Although the human race has faced famines of
its own making in the past, this is a whole new ballgame, Lawrence says:
“So
there are precedents but they’ve all been local and people just
abandoned those areas and moved on. What’s very sobering about the
situation today: This is global and there isn’t any other place to
go on this spaceship Earth.”
And it's
not just about the humans, either, but all the other life forms that
inhabit this beautiful planet.
Speaking
of which, you know how the Navy is always trying to convince us that
its sonar is perfectly safe for marine mammals? So safe that it wants
to use even more of it, year-round, in waters surrounding the
Hawaiian Islands? Well, it's apparently not so benign as the Navy has
claimed. As a new study published in Nature reports:
The
Canary Islands used to be a hotspot for mass strandings [of whales
and dolphins], but there have been no mass beachings since the
Spanish government imposed a moratorium on naval exercises in these
waters in 2004.
So couldn't we impose a similar ban here?
I know
the precautionary principle is often pooh-poohed as unscientific, and frequently bad for business, but
how about if we, as humans, just exercise a little common sense?
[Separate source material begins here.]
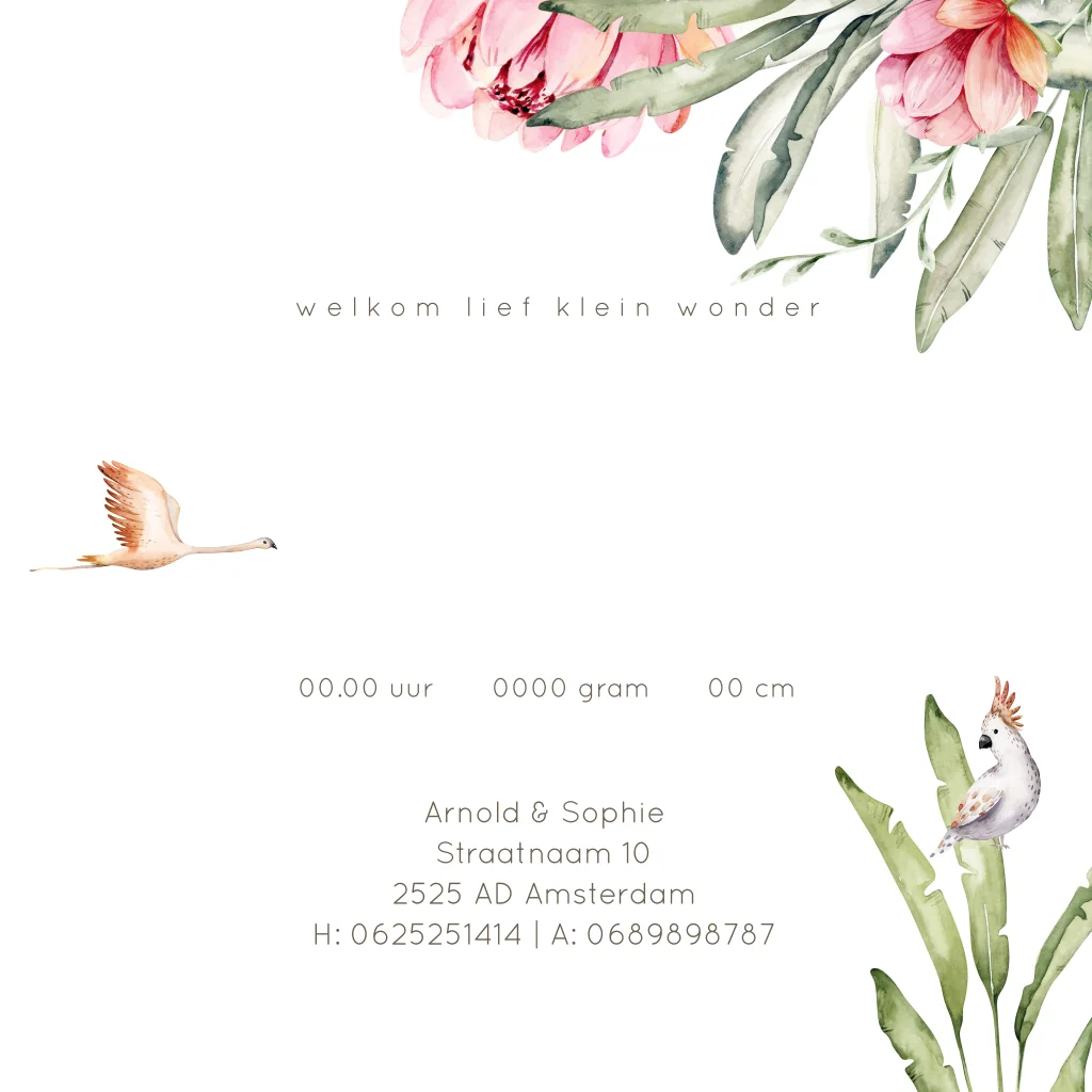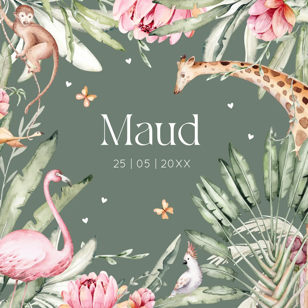 Geboortekaartje groen roze voor een meisje met jungle thema en dieren. Kies voor dit hippe geboortekaartje met giraffe, flamingo, aapje, vogels en vlinders.

As
the time-worn adage reminds us: Err on the side of caution.
Unless,
of course, you don't care if it all turns to shit, so long as you're
raking in a pile of cash along the way.
I don't think I've ever heard the precautionary principle called "unscientific." As a matter of fact it's at the very heart of scientific inquiry. To assume something is true until proven false is illogical. That's why you set up a study- to see if something is true... you can't prove a negative.